:: ABOUT THIS EXERCISE ::
Look below for the line containing "Đồng hồ Alexander Ferros 6312R/02"; from there through the line containing "Kovový zásuvkový stojan", both lines included, please set down each line exactly and nothing else.

:: DATA TO PROCESS ::
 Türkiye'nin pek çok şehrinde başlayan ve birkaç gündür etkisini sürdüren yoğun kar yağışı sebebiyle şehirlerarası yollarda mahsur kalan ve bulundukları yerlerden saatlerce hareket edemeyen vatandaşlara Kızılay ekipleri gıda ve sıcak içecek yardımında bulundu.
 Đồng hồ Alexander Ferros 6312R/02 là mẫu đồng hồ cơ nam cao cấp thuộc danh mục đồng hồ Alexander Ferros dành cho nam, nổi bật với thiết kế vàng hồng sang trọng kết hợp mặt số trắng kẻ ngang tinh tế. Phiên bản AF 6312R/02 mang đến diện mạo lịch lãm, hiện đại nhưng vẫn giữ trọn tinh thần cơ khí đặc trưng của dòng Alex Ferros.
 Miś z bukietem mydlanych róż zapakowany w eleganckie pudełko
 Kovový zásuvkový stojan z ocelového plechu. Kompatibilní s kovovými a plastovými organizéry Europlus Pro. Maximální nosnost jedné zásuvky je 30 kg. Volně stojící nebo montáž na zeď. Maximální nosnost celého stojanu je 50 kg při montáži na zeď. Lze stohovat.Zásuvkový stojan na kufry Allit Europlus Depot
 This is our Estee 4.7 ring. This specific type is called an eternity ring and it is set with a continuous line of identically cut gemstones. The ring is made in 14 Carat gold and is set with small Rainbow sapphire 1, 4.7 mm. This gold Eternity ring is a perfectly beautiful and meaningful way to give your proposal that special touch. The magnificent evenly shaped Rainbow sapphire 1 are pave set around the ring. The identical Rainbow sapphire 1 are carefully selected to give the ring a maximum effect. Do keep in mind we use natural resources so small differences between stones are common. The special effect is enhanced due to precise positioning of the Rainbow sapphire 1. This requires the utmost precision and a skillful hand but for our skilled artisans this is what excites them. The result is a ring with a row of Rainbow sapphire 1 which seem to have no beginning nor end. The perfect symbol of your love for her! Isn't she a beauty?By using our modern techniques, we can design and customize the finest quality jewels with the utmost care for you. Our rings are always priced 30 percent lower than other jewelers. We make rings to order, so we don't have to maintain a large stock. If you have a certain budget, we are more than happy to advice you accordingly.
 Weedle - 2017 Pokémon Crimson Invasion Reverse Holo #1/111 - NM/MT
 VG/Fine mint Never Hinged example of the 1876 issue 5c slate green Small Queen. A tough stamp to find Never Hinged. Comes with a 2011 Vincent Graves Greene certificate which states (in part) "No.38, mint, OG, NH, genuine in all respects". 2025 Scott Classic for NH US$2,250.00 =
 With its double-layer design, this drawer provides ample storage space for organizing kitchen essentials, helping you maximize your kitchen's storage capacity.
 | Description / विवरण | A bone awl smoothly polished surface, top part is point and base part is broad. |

:: THE ANSWER ::
 Đồng hồ Alexander Ferros 6312R/02 là mẫu đồng hồ cơ nam cao cấp thuộc danh mục đồng hồ Alexander Ferros dành cho nam, nổi bật với thiết kế vàng hồng sang trọng kết hợp mặt số trắng kẻ ngang tinh tế. Phiên bản AF 6312R/02 mang đến diện mạo lịch lãm, hiện đại nhưng vẫn giữ trọn tinh thần cơ khí đặc trưng của dòng Alex Ferros.
 Miś z bukietem mydlanych róż zapakowany w eleganckie pudełko
 Kovový zásuvkový stojan z ocelového plechu. Kompatibilní s kovovými a plastovými organizéry Europlus Pro. Maximální nosnost jedné zásuvky je 30 kg. Volně stojící nebo montáž na zeď. Maximální nosnost celého stojanu je 50 kg při montáži na zeď. Lze stohovat.Zásuvkový stojan na kufry Allit Europlus Depot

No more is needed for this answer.